Sagittal craniosynostosis is the most common form of craniosynostosis and typically results in scaphocephaly, which is characterized by biparietal narrowing, compensatory frontal bossing, and an occipital prominence. The cephalic index (CI) is a simple metric for quantifying the degree of cranial narrowing and is often used to diagnose sagittal craniosynostosis. However, patients with variant forms of sagittal craniosynostosis may present with a "normal" CI, depending on the part of the suture that is closed. As machine learning (ML) algorithms are developed to assist in the diagnosis of cranial deformities, metrics that reflect the other phenotypic features of sagittal craniosynostosis are needed.

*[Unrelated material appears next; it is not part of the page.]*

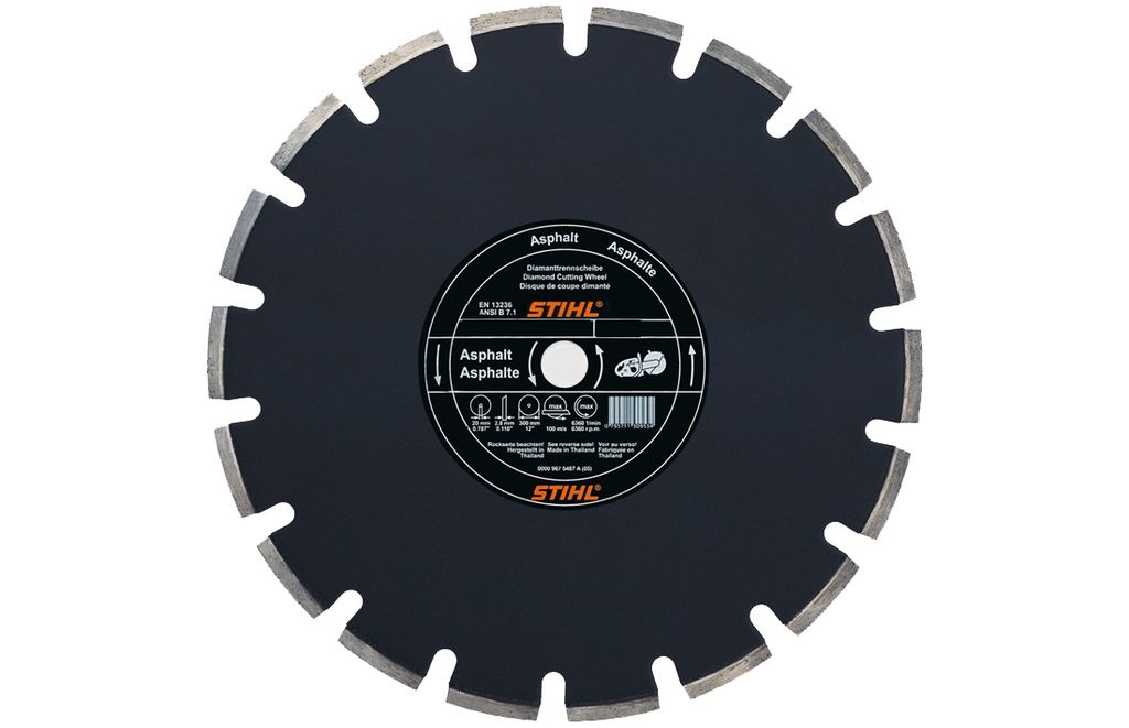 Для резки асфальта, свежего и абразивного бетона и песчаника. Сегменты высотой 10 мм с увеличенной производительностью резания во всех классах мощности, защитные сегменты, чёрное лакированное полотно.

In this study the authors sought to describe the posterior arc angle (PAA), a measurement of biparietal narrowing that is obtained with 2D photographs, and elucidate the role of PAA as an adjuvant to the CI in characterizing scaphocephaly and the potential relevance of PAA in new ML model development.

METHODS

The authors retrospectively reviewed 1013 craniofacial patients treated during the period from 2006 to 2021. Orthogonal top-down photographs were used to calculate the CI and PAA. Distribution densities, receiver operating characteristic (ROC) curves, and chi-square analyses were used to describe the relative predictive utility of each method for sagittal craniosynostosis.

RESULTS

In total, 1001 patients underwent paired CI and PAA measurements and a clinical head shape diagnosis (sagittal craniosynostosis, n = 122; other cranial deformity, n = 565; normocephalic, n = 314). The area under the ROC curve (AUC) for the CI was 98.5% (95% confidence interval 97.8%–99.2%, p < 0.001), with an optimum specificity of 92.6% and sensitivity of 93.4%. The PAA had an AUC of 97.4% (95% confidence interval 96.0%–98.8%, p < 0.001) with an optimum specificity of 94.9% and sensitivity of 90.2%. In 6 of 122 (4.9%) cases of sagittal craniosynostosis, the PAA was abnormal while the CI was normal. This means that adding a PAA cutoff branch to a partition model increases the detection of sagittal craniosynostosis.

CONCLUSIONS

Both CI and PAA are excellent discriminators for sagittal craniosynostosis. Using an accuracy-optimized partition model, the addition of the PAA to the CI increased model sensitivity compared to using the CI alone. Using a model that incorporates both CI and PAA could assist in the early identification and treatment of sagittal craniosynostosis via automated and semiautomated algorithms that utilize tree-based ML models.